Earlier this month it was reported two of Waymo’s robotaxis had crashed into the same towed truck, and with serious questions to be answered about the commercial viability and legal liability of AV technology, it is unclear whether investors will continue to fund the industry in future when immediate and better returns are offered from investing in generative AI.

Apple CarPlay vs. Qualcomm GenAI
Apple missed the moment to create a “wow” factor with a car. In January, it was reported that the Apple Car would offer only L2+ supervised automation features, not L4 or L5 autonomous driving as had been so often touted. But just look at the experiences of GM Cruise and Waymo in real world conditions to see how far away full autonomy really is.

Apple also had a chance to revolutionize the digital cockpit, but Qualcomm soundly beat it to that accolade, and Qualcomm has almost every automaker signed up already for its cockpit applications processor, indicating the direction of travel.

The remaining automotive-related issue is what Apple will do next with CarPlay.

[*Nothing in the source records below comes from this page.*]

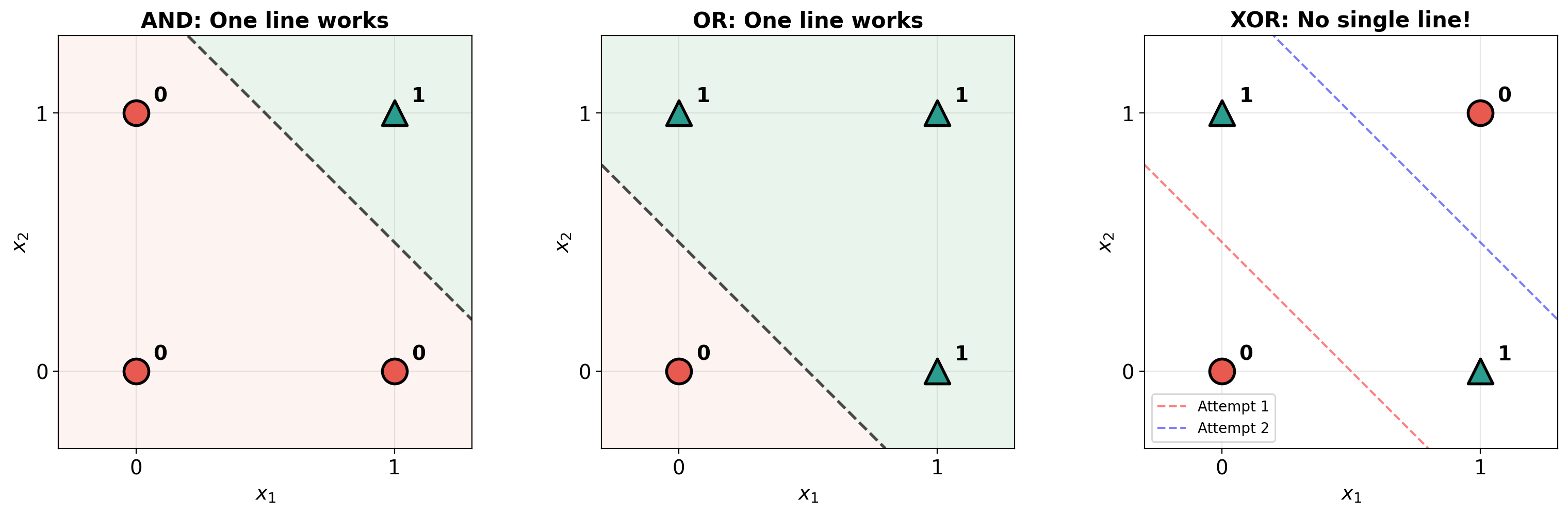 4. The XOR Problem — where one neuron FAILS
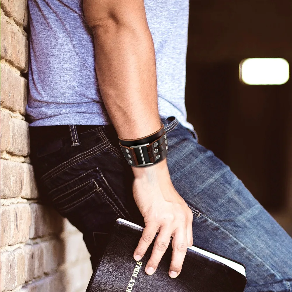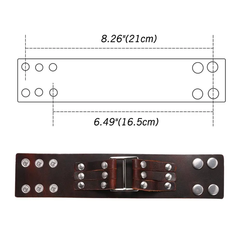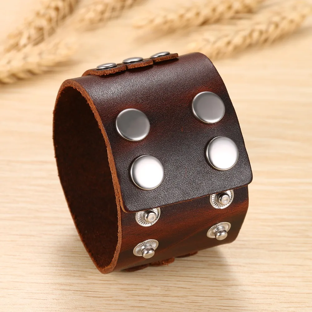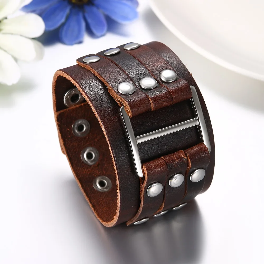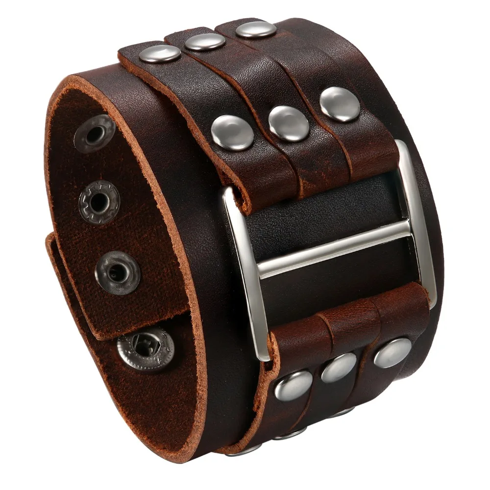 BONISKISS Cool Style Wide Big Buckle Rivet Genuine Leather Bracelet For Men and Women Adjustable Cuff Wristband Bracelet Bangle
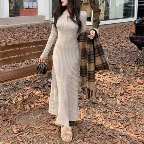 여성 긴팔 니트 슬림A라인 롱 원피스 WFKQAIC
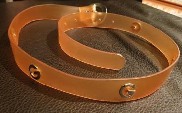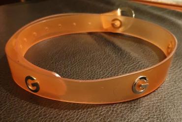 UpotrebljenоEsprit kais gumeni narandzaste boje. Svuda ukrug pise slovo G , pa jako podseca na G by guess modele.
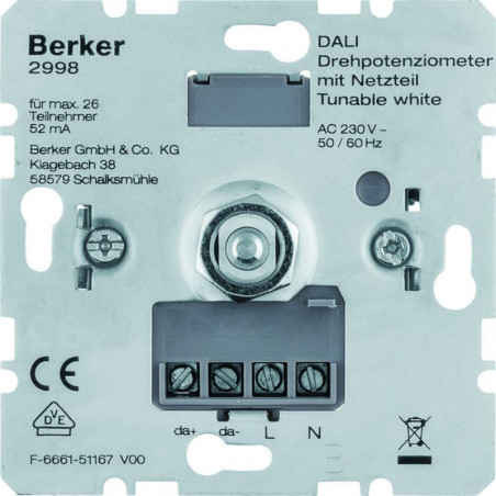 Marque: Berker by HagerRéférence: 2998EAN: 4011334510093Emballage: 1Description: Variateur rotatif DALI sans alimentation à associer à 2997
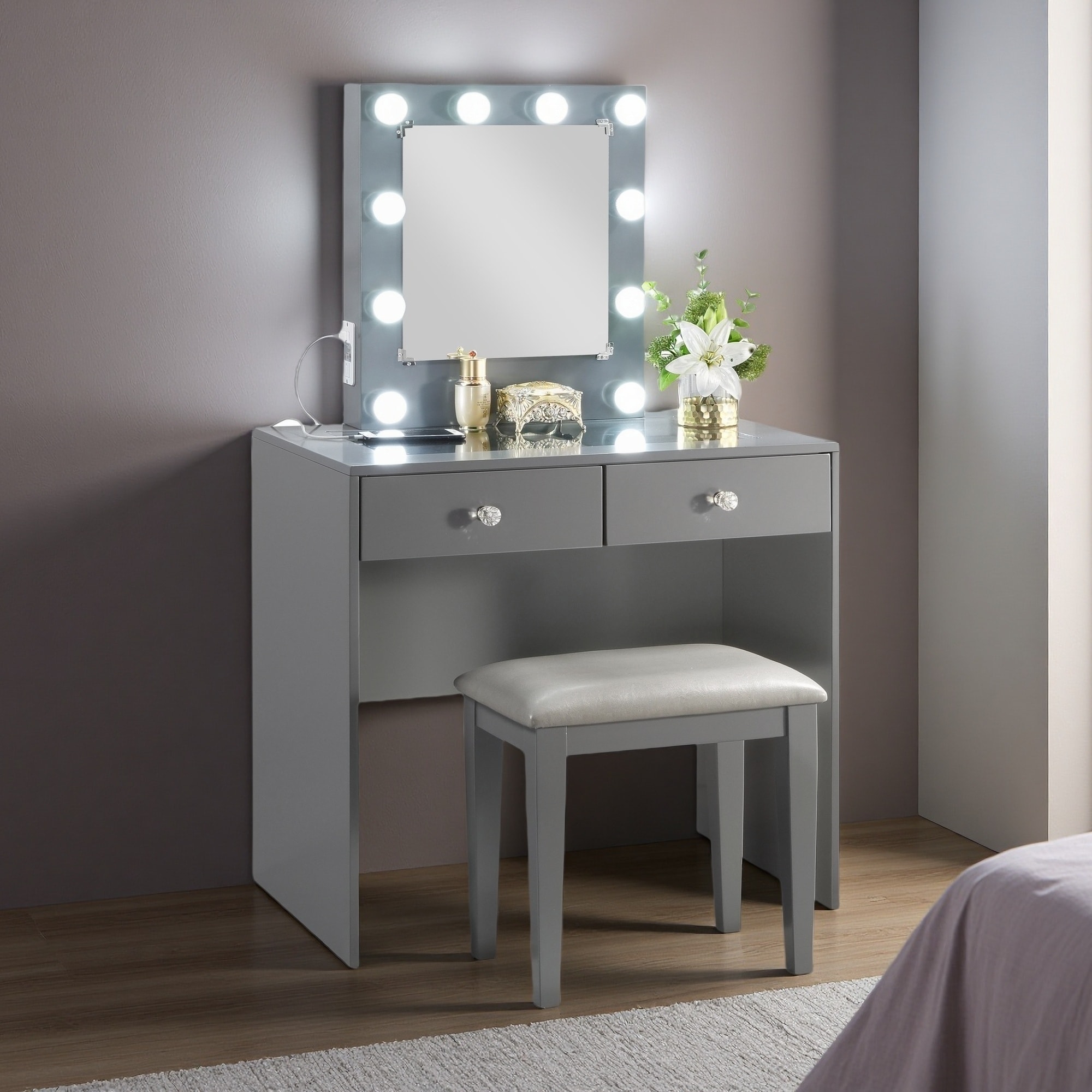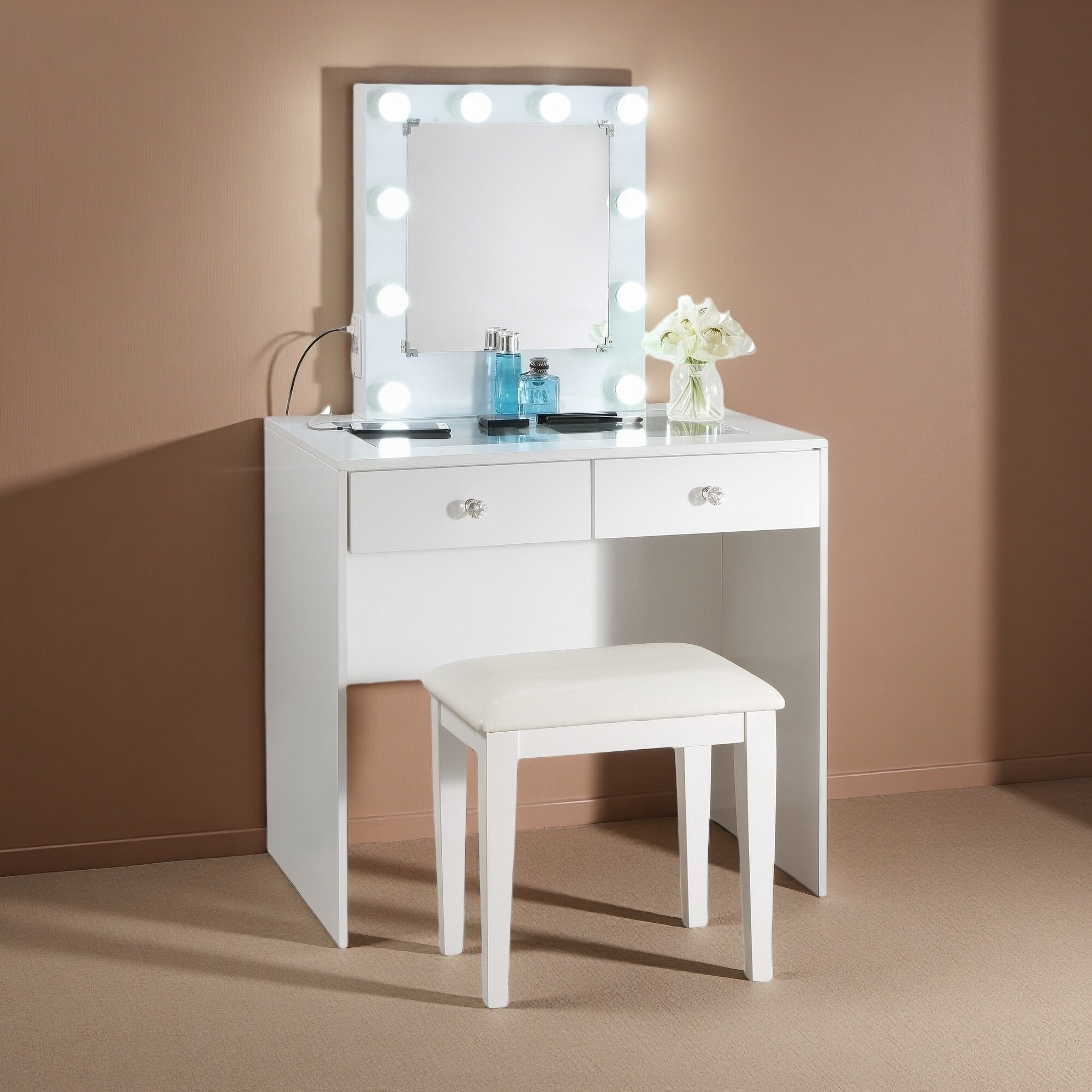 Wood LED Makeup Vanity Set with USB/Outlet & 2 Drawers
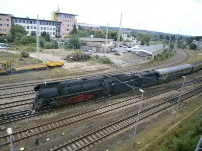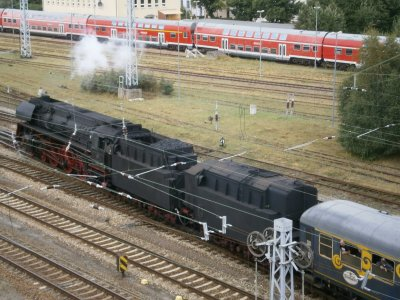 Ankunft der 01 1533 mit ihrem Sonderzug. Der 2. Tender ist von der 01 1066 als Wasserreserve.
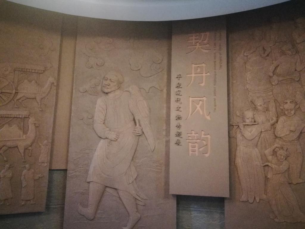 第三层为契丹文化博物馆,据契丹始祖传说,“相传有神人乘白马,自马盂山浮土河而东,有天女驾青牛车由平地松林泛潢河而下。至木叶山二水合流相遇为配偶,生八子。其后族属渐盛,分为八部”。马盂山就是平泉柳溪乡光秃山,土河就是发源于马盂山的老哈河,因此在平泉市有丰富的契丹文化遗产。作为辽代“五京”之一,平泉也曾孕育了辉煌灿烂的辽代文化。通过参观,小分队成员们收益颇丰,对契丹文化、政治、经济有了初步的了解,另外展馆展出的艺术瑰宝、文化古物也使我们叹为观止。
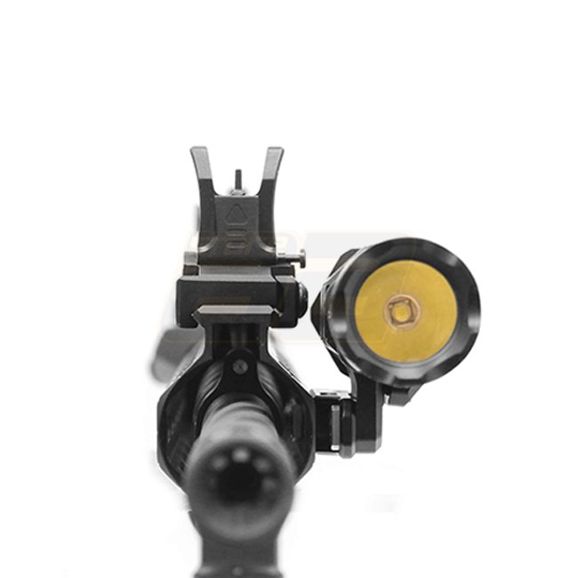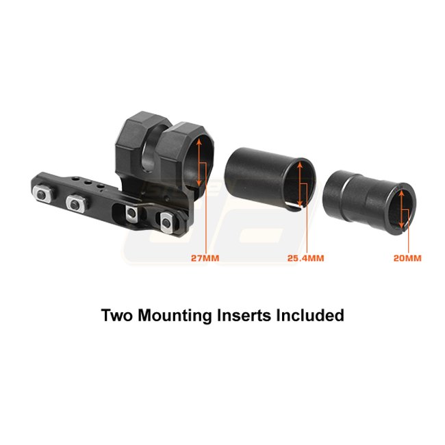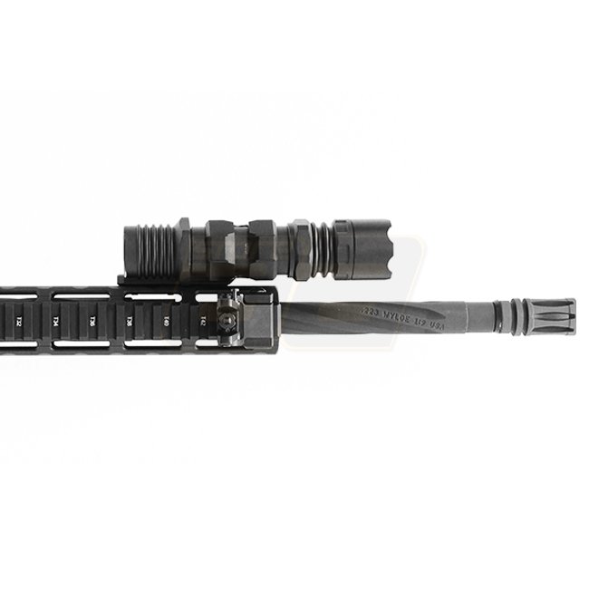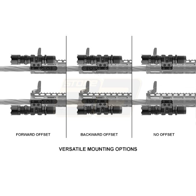 Leapers M-LOK Offset Taschenlampenringhalterung in Schwarz mit abnehmbarem Offset-Design und Polymer-Einsätzen für vielseitige Taschenlampenkompatibilität. Hergestellt aus strapazierfähigem 6061-T6 Aluminium, kompakt bei 88,1 x 52,3 x 33,3 mm und leicht m
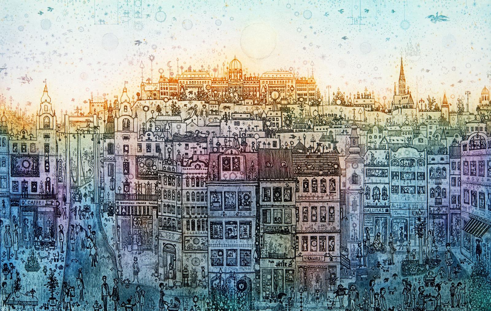 Signed bottom right: Gross Arnold, Signed bottom left: A kék álmok városa, Signed bottom center prb
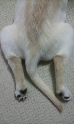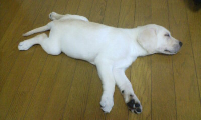 彼の『伏せ』は足が『のびのびた』なんです
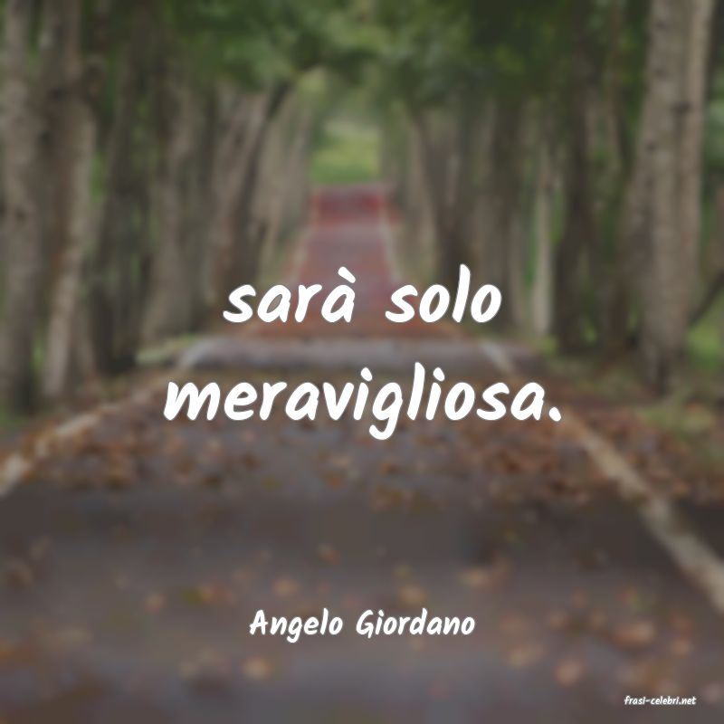 Sarà solo meravigliosa.
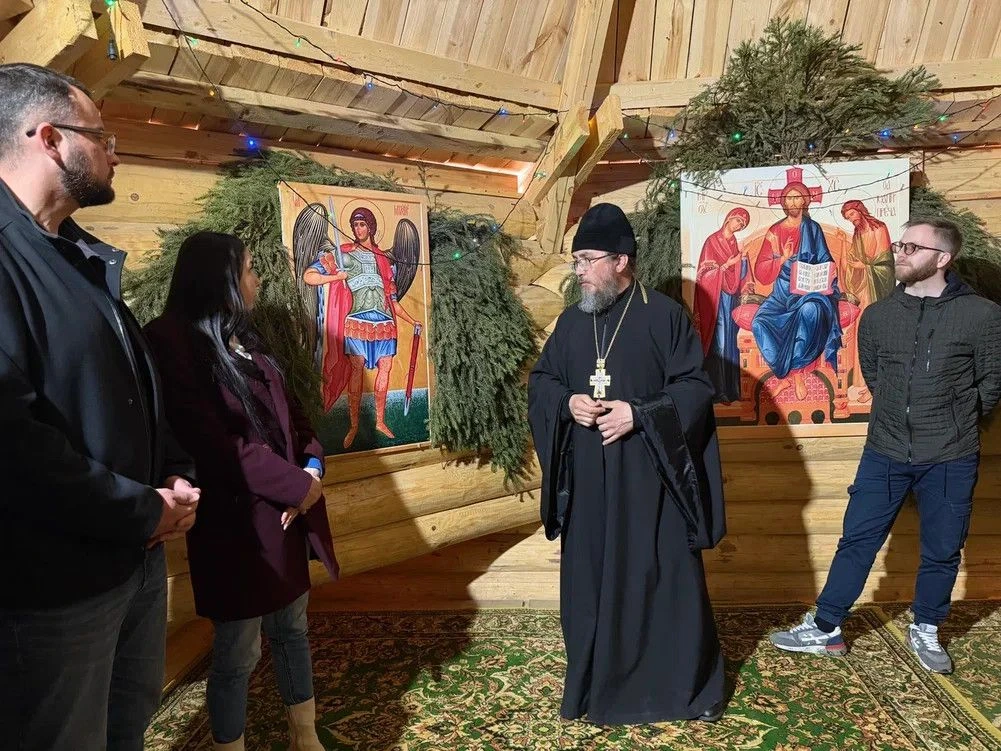 Первой остановкой стала «Богатырская застава». В селе Елембаево Новоторъяльского района гости побывали на Шукшанской богатырской заставе – уникальном культурном, образовательно-воспитательном и туристическом центре, созданном при храме святого преподобномученика Андрея Критского.
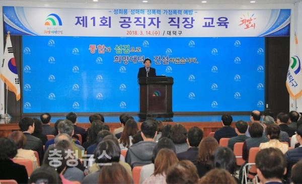 대덕구는 14일 구청 청렴관(옛 대강당)에서 직원 500명을 대상으로 올해 첫 직장교육으로 ‘성희롱․성매매․성폭력․가정폭력 예방 통합교육’을 실시했다고 밝혔다.
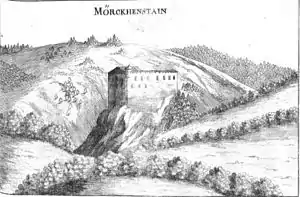 ![]() Engraving of Merkenstein in 1670 by Georg Matthäus Vischer | |
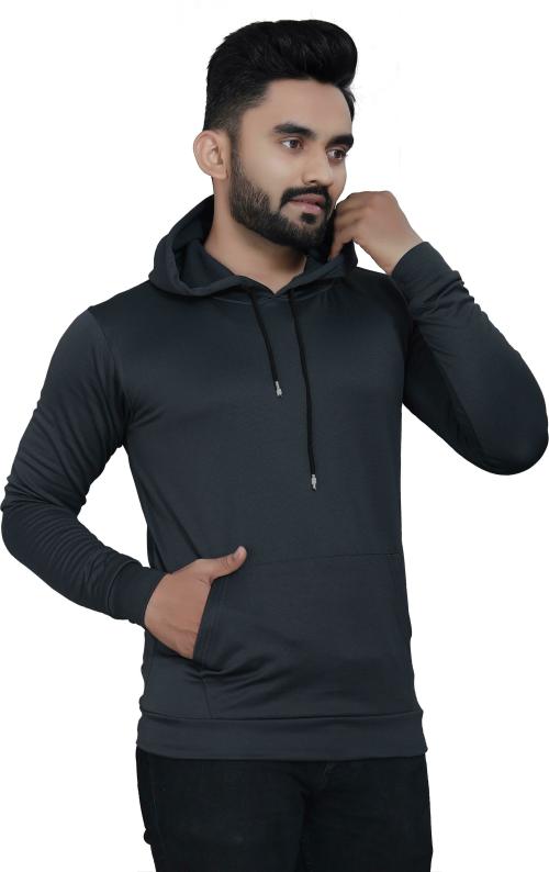 N N Enterprise Men Black Solid Wool Blend Hooded Sweatshirt (XXL)
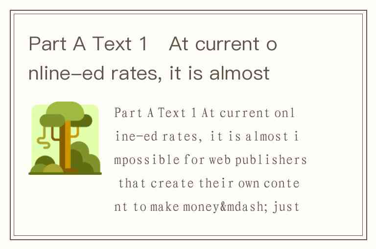 Part A Text 1 At current online-ed rates, it is almost impossible for web publishers that create their own content to make money—just ask any of the two dozen, from Z.com to eCountries that have gone bust in the past month alone. The mason for the bloodbath is : advertisers are not willing m pay enough for web ads to support the cost of displaying them. To see why, consider a credit-card firm that wants to find customers online. Say it runs a campaign to display its banner ad to 2 million viewers. Using industry averages, one out of every 200 viewers can be expected to click on the ad: one out of every 100 of those will actually sign up for a credit card. Thus, the campaign would yield 100 new customers. Offline. the firm pays about $150 for each customer it acquires, through anything from direct mail to television ads. Using the same rate, it would therefore be willing to pay $15.000 for those 2 million online-ad views, or a cost-per-thousand- views (CPM) rate of $7.50. Now consider the economics of the website that is running those ads. It probably does not have its own ad sales team, so it is getting those credit-card ads from an advertising network such as DoubleClick. The network takes half the revenues, leaving the site with a CPM of $3.75. Imagine that the site is very successful, say among the top few hundred on the web. If so, it may be able to generate 10m page views ’a month. At $3.75 per thousand views, that means revenue of $37,500 a month. Take out hardware, software and bandwidth costs, and enough might be left to support two employees or so. This grim picture can be improved by selling more than one ad per page. but such clutter often comes at the cost of a lower rate of "click-throughs" and, ually, even lower CPMs. The site can try to charge higher CPMs by providing more information about viewer demographics, to help advertisers target their ads, or by claiming that it has a sign that may justify a fee for brand-building advertisers. But advertisers are skeptical. The biggest web portals get their content almost for free—a mixture of material from other-sites and content created by viewers—and attract so much traffic that they can support huge organizations on low CPMs. But for most smaller websites, there is no way out. Those that cannot find revenue sources beyond advertising will either go bust or be forced to admit that their site is a non-profit enterprise. If truth-in-advertising rules were enforced, most dotcoms would be dotorgs. The author’s attitude to the future of websites is______. A. distrustful B. pessimistic C. detesting D. optimistic
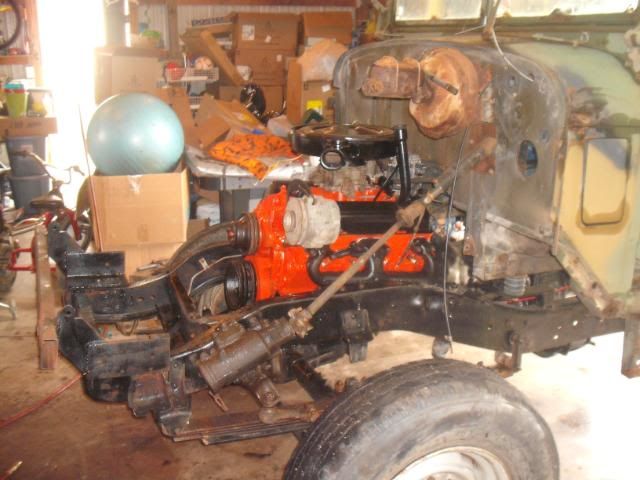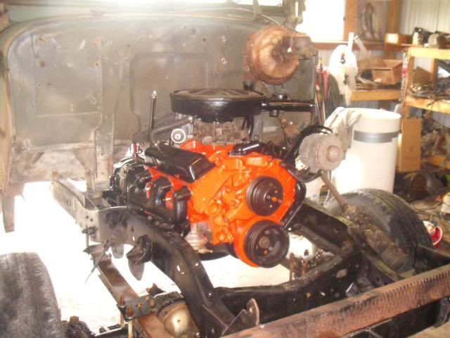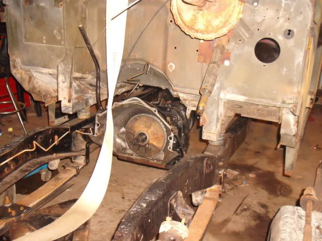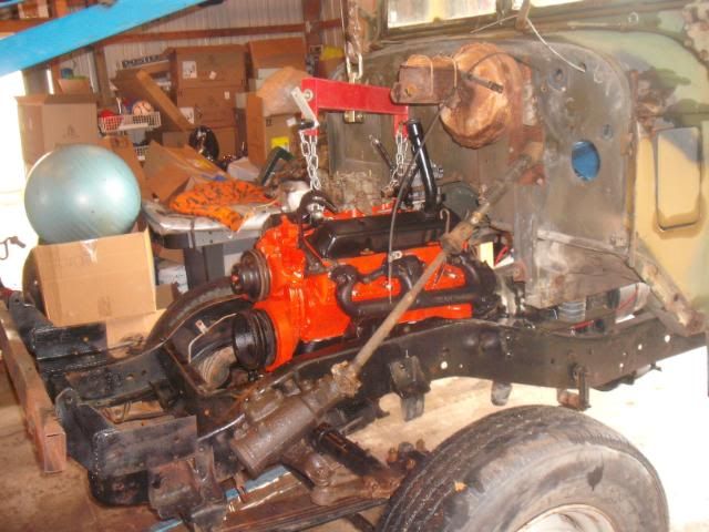 It's in, bolted to the trans and frame-rails, just gotta hook up all the sheot to make it start, run cool and tell me what's going on inside!

In December it was reported Apple’s next-generation CarPlay will appear first in Porsche and Aston Martin models.

But the battle ahead is what Apple can do with CarPlay, versus what Qualcomm can do in the cockpit with generative AI. Whilst almost unthinkable just three months ago, one possible outcome from here is that Apple ends up quitting the automotive industry entirely.

Bottom Line:
Apple’s decision to cancel the Apple Car in favor of generative AI could be the start of its complete exit from the automotive industry and sound the death knell for the wider AV sector.